We have that to find our
$\alpha$ level, that is the subtraction of 1 by the confidence interval divided by 2. So:

$\alpha = (1-0.95)/(2) = 0.025$

Now, we have to find z in the Ztable as such z has a pvalue of
$1-\alpha$ .

So it is z with a pvalue of
1-0.025 = 0.975 , so
z = 1.96

Now, find the width W as such

$W = z*(\sigma)/(√(n))$

In which
$\sigma$ is the standard deviation of the population and n is the size of the sample.
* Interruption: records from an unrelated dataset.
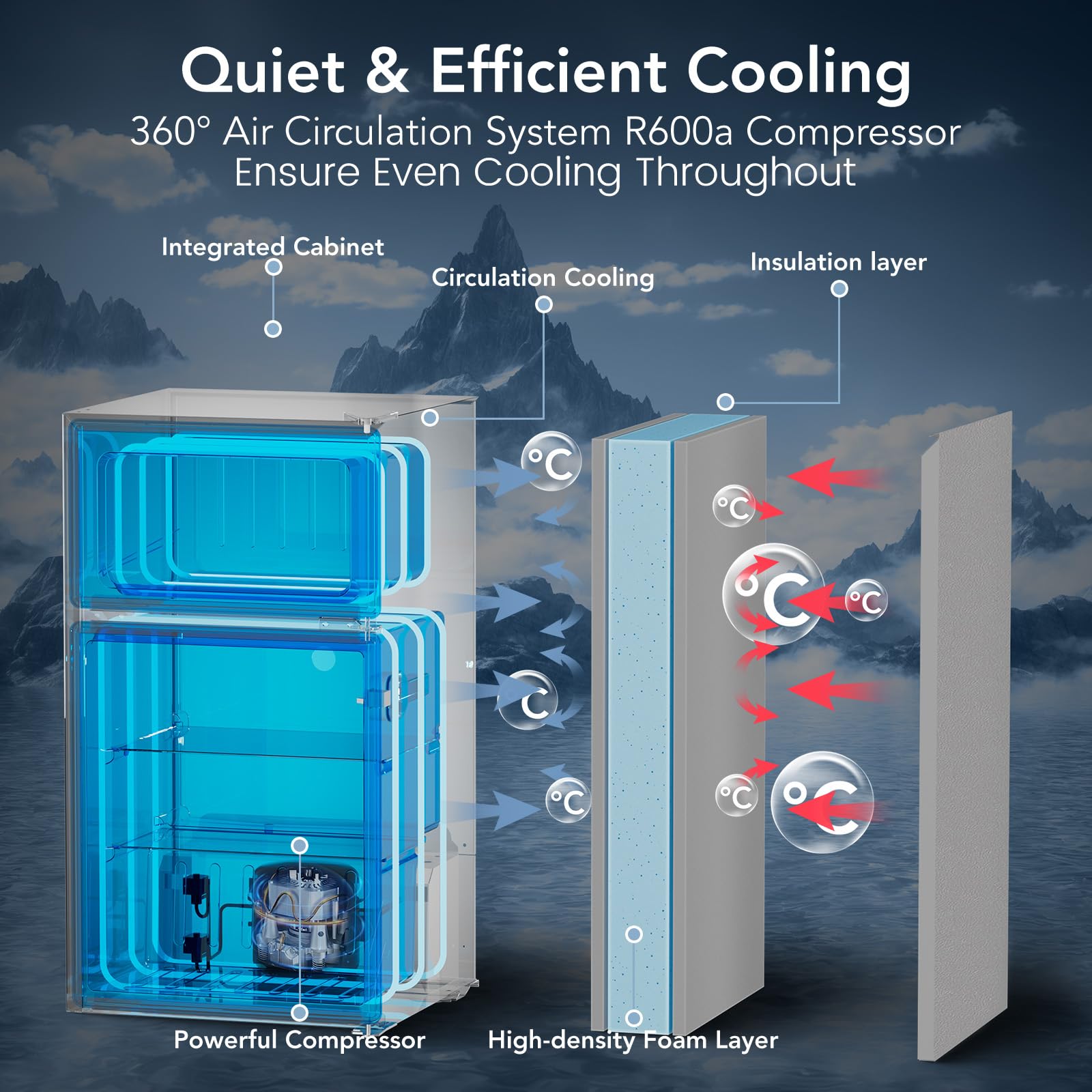Details: 3.1 Cu.Ft Small Fridge with Freezer,Compact Refrigerator with 2 Doors,Mini Fridge with Adjustable Removable Glass Shelves for Bedroom,Dorm or Apartment,mini freezer fridge adopts R600 type high-efficiency low-energy-consumption compressor
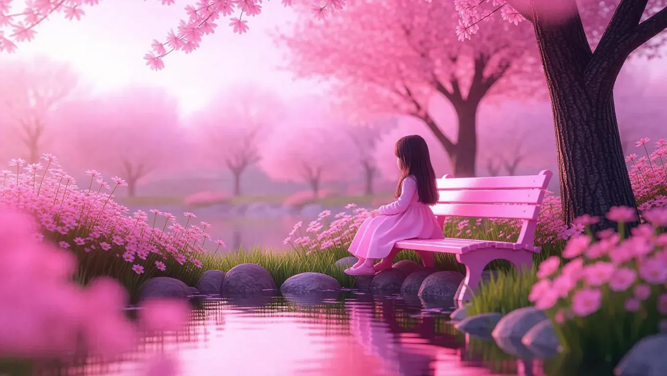 A gentle pink world where a little girl is sitting on a pink bench beside a pond. She is surrounded by pink flowers and soft greenery, and the sky is a soft lavender hue. The scene feels serene and refreshing.
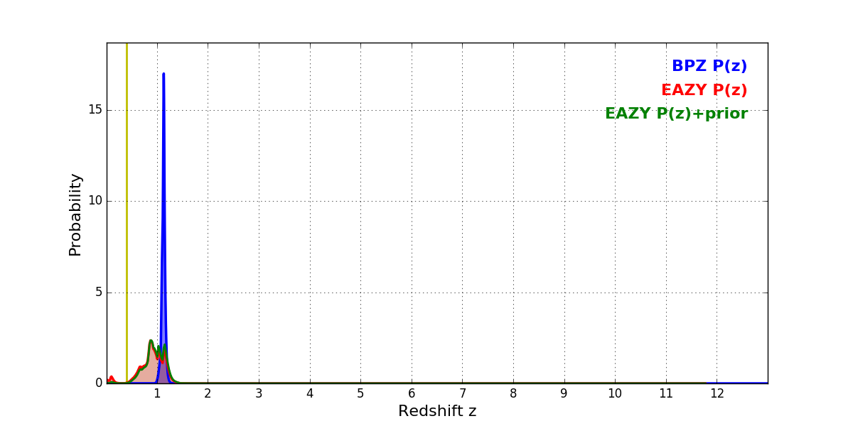 In P(z) plots: Yellow lines mark the cluster redshift z = 0.396,

How large must the sample size be if the width of the 95% interval for mu is to be 1.0:

We need to find n for which W = 1.

We have that
$\sigma^(2) = 9$ , then
$\sigma = \sqrt{\sigma^(2)} = √(9) = 3$ . So

$W = z*(\sigma)/(√(n))$

1 = 1.96*(3)/(√(n))

√(n) = 1.96*3

(√(n))^2 = (1.96*3)^(2)

n = 34.57

Rounding up

A sample size of 35 is needed.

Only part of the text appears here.